Member of Parliament for Leduc—Wetaskiwin Edmonton—Wetaskiwin (2015–2025) Edmonton—Mill Woods—Beaumont (2006–2015)
- Incumbent
- Assumed office January 23, 2006
- Preceded by: David Kilgour

Parliamentary Secretary to the Minister of Industry
- In office November 7, 2008 – August 2, 2015
- Prime Minister: Stephen Harper
- Minister: Tony Clement; Christian Paradis; James Morre;
- Preceded by: Colin Carrie
- Succeeded by: Greg Fergus

Personal details
- Born: Michael Stanley Lake June 4, 1969 (age 57) New Westminster, British Columbia
- Party: Conservative
- Profession: Businessman, sports executive

= Mike Lake (politician) =

Canadian politician (born 1969)

Michael Stanley Lake (born June 4, 1969) is a Canadian politician, businessman, and sports executive in Alberta, Canada who represented the riding of Edmonton—Mill Woods—Beaumont from 2006 to 2015 and Edmonton—Wetaskiwin from 2015 to 2025, he has represented the riding of Leduc—Wetaskiwin since 2025. He is a member of the Conservative Party of Canada and served as Parliamentary Secretary to the Minister of Industry under Prime Minister Stephen Harper.

==Early and personal life==
Lake was born in New Westminster, British Columbia.
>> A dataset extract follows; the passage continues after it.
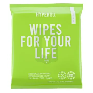 HyperGo Body Wipes - No Rinse Wet Wipes for Adults, All Natural Shower Bathing Wipes, Refreshing Body and Face Cleansing Wipes for Women and Men, 20 Extra Large Disposable Washcloths, 12x12 Cucumber

He grew up in Devon, Alberta, and obtained a Bachelor of Commerce degree from the University of Alberta. After graduating from university, he began a career with the Edmonton Oilers ice hockey team as a sales manager and director of ticket sales as their national accounts manager.

He has two children, his son is autistic and as a result he is a longtime member of the Edmonton Autism Society. He is involved in the Alberta Foster Care Program.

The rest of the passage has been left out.